Re: Indexing directories and files in a File System. (Fetched: 2, Processed: 0)

Posted by Erik Hatcher <er...@gmail.com>.
Would Solr's post.jar work for you?   It has a directory recurse option.  The usage/help output is pasted below.

Here's what should work for you: "java -Dauto -Drecursive -jar post.jar /some/folder"

	Erik



exampledocs  java -jar post.jar --help
SimplePostTool version 1.5
Usage: java [SystemProperties] -jar post.jar [-h|-] [<file|folder|url|arg> [<file|folder|url|arg>...]]

Supported System Properties and their defaults:
  -Ddata=files|web|args|stdin (default=files)
  -Dtype=<content-type> (default=application/xml)
  -Durl=<solr-update-url> (default=http://localhost:8983/solr/update)
  -Dauto=yes|no (default=no)
  -Drecursive=yes|no|<depth> (default=0)
  -Ddelay=<seconds> (default=0 for files, 10 for web)
  -Dfiletypes=<type>[,<type>,...] (default=xml,json,csv,pdf,doc,docx,ppt,pptx,xls,xlsx,odt,odp,ods,ott,otp,ots,rtf,htm,html,txt,log)
  -Dparams="<key>=<value>[&<key>=<value>...]" (values must be URL-encoded)
  -Dcommit=yes|no (default=yes)
  -Doptimize=yes|no (default=no)
  -Dout=yes|no (default=no)

This is a simple command line tool for POSTing raw data to a Solr
port.  Data can be read from files specified as commandline args,
URLs specified as args, as raw commandline arg strings or via STDIN.
Examples:
  java -jar post.jar *.xml
  java -Ddata=args  -jar post.jar '<delete><id>42</id></delete>'
  java -Ddata=stdin -jar post.jar < hd.xml
  java -Ddata=web -jar post.jar http://example.com/
  java -Dtype=text/csv -jar post.jar *.csv
  java -Dtype=application/json -jar post.jar *.json
  java -Durl=http://localhost:8983/solr/update/extract -Dparams=literal.id=a -Dtype=application/pdf -jar post.jar a.pdf
  java -Dauto -jar post.jar *
  java -Dauto -Drecursive -jar post.jar afolder
  java -Dauto -Dfiletypes=ppt,html -jar post.jar afolder
The options controlled by System Properties include the Solr
URL to POST to, the Content-Type of the data, whether a commit
or optimize should be executed, and whether the response should
be written to STDOUT. If auto=yes the tool will try to set type
and url automatically from file name. When posting rich documents
the file name will be propagated as "resource.name" and also used
as "literal.id". You may override these or any other request parameter
through the -Dparams property. To do a commit only, use "-" as argument.
The web mode is a simple crawler following links within domain, default delay=10s.
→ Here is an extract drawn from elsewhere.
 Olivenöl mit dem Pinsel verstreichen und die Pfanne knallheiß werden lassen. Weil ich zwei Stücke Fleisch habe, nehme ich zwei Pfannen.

On Mar 5, 2013, at 04:38 , Syao Work wrote:

> Hello,
> 
> I am trying to index some FS folder tree. 
> Spent 2 days finding what could be the problem - got nothing :) There are not so much examples on indexing File System.
> In the logs I cant find any exceptions why it does not process the info
> Data import configuration and debug response are attached 
> 
> 
> Using: 
> 1. solr web admin tool, 
> 2. Java version "1.7.0_09-icedtea"
>    OpenJDK Runtime Environment (fedora-2.3.7.0.fc17-x86_64) 
>    OpenJDK 64-Bit Server VM (build 23.7-b01, mixed mode)
> 
> Thank you for your time,
> Ro
> 
> P.S. Excuse my bad English, I am not a native English speaker.
> <data-config.xml><import-debug-response.json>


Re: Indexing directories and files in a File System. (Fetched: 2, Processed: 0)
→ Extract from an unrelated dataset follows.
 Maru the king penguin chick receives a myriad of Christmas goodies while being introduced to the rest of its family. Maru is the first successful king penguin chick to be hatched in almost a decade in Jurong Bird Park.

Posted by Syao Work <sy...@gmail.com>.
Can you send an example?

On Tue, Mar 5, 2013 at 5:11 PM, Gora Mohanty <go...@mimirtech.com> wrote:

> On 5 March 2013 18:22, Syao Work <sy...@gmail.com> wrote:
> > And if I need to index file name, path, size and/or mime?
> [...]
>
> You would need to create separate entities for each field that
> you need to index. The referenced Wiki page on DIH has
> other examples of configurations with multiple entities.
>
> Regards,
> Gora
>

Re: Indexing directories and files in a File System. (Fetched: 2, Processed: 0)

Posted by Gora Mohanty <go...@mimirtech.com>.
On 5 March 2013 18:22, Syao Work <sy...@gmail.com> wrote:
> And if I need to index file name, path, size and/or mime?
[...]

You would need to create separate entities for each field that
you need to index. The referenced Wiki page on DIH has
other examples of configurations with multiple entities.

Regards,
Gora

Re: Indexing directories and files in a File System. (Fetched: 2, Processed: 0)

Posted by Syao Work <sy...@gmail.com>.
And if I need to index file name, path, size and/or mime?

On Tue, Mar 5, 2013 at 2:45 PM, Gora Mohanty <go...@mimirtech.com> wrote:

> On 5 March 2013 15:08, Syao Work <sy...@gmail.com> wrote:
> > Hello,
> >
> > I am trying to index some FS folder tree.
> > Spent 2 days finding what could be the problem - got nothing :) There are
> > not so much examples on indexing File System.
> > In the logs I cant find any exceptions why it does not process the info
> > Data import configuration and debug response are attached
> [...]
>
> Please look more closely at the sample data configuration file at
> http://wiki.apache.org/solr/DataImportHandler#FileListEntityProcessor
> You need to use something like XPathEntityProcessor to define
> entities for indexing. Other entity processors, such as
> PlainTextEntityProcessor,
> can instead be used if you are not using XML files. Also, make sure
> that the field definitions in your schema.xml match the field names
> here.
>
> Regards,
> Gora
>

Re: Indexing directories and files in a File System. (Fetched: 2, Processed: 0)

Posted by Gora Mohanty <go...@mimirtech.com>.
On 5 March 2013 15:08, Syao Work <sy...@gmail.com> wrote:
> Hello,
>
> I am trying to index some FS folder tree.
> Spent 2 days finding what could be the problem - got nothing :) There are
> not so much examples on indexing File System.
> In the logs I cant find any exceptions why it does not process the info
> Data import configuration and debug response are attached
[...]

Please look more closely at the sample data configuration file at
http://wiki.apache.org/solr/DataImportHandler#FileListEntityProcessor
You need to use something like XPathEntityProcessor to define
entities for indexing. Other entity processors, such as
PlainTextEntityProcessor,
can instead be used if you are not using XML files. Also, make sure
that the field definitions in your schema.xml match the field names
here.

Regards,
Gora